A number of things have me thinking about productive language — how the words we understand peel themselves out of our brains and onto our tongues.
While on retreat I was twice the psalmist . The music director had asked me a couple of weeks before I came if I would sing Paul Inwood's lovely, but not trivial, through-composed psalm for the day. I had a @#$% of a time with one word in the third verse: glorious. "Enunciate", I heard a voice teacher's clipped voice reminding me. "Glo-ri-us." I could. not. get the word out without needing an extra note. Until I realized that syllabification was not my friend. It's "glor-yus." Two syllables, accent on the first.

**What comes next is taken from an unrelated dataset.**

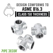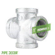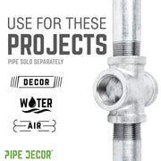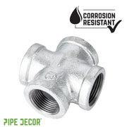 Let your DIY dreams run wild with galvanized cross fittings. They are the perfect piece for any type of table, desk, or fixture. This four-way fitting allows you to connect four pipes, each at a 90-degree angle from the next. Galvanized fittings are silver in color with a shiny finish that brings a clean, polished look to your pipe furniture. Our fittings are made with durable, industrial-grade malleable iron. Fittings are 100% authentic and are made to stand the test of time. You will know PIPE DECOR parts and accessories when you hold them. Beauty and beast. Strength and style. These are real industrial fittings for your decorations and designs. Accept no substitutes. Extra pieces and accessories are available for your custom projects and expansions. Plug and play as desired.

And then there are these very cool maps of US speech patterns. A while back I blogged about my (New York born and raised) mother's desire to wipe the Midwest out of her children's vowels. I can still remember her trying to tune our ears to differences in the initial vowel sound in Mary, merry and marry and her explanation that most people said them differently. The maps show that my mother's lack of a pre-rhotic merger is actually limited to a very small geographical area (see question number 15), which suggests this was my mother's view from the city.
Paul Campbell, SJ at People for Others is wondering about language production as well, in particular the words we can't quite roll off our tongues no matter how hard we try. Mine is peculiarly. (The OED shows the "r" sound elided between the schwa and the /l/ (you say /pɪˈkju:lɪəli/ not /pɪˈkju:lɪərli/). Phonics was in when I was learning to read - I have a very hard time ignoring that /r/!)
Finally, I'm trying to systematically learn koine Greek this summer (as opposed to the random approach I used several years back). The first chapter insists that you learn to write (no problem for a scientist) the alphabet and pronounce the sounds. It's the latter task I'm finding peculiarly difficult...
If you have the time, try the questions on language and see how you match up with the US map. The questions are fascinating and go well beyond the sounds, to the choice of terms and even some behaviors. So what do you call the a sweetened carbonated beverage?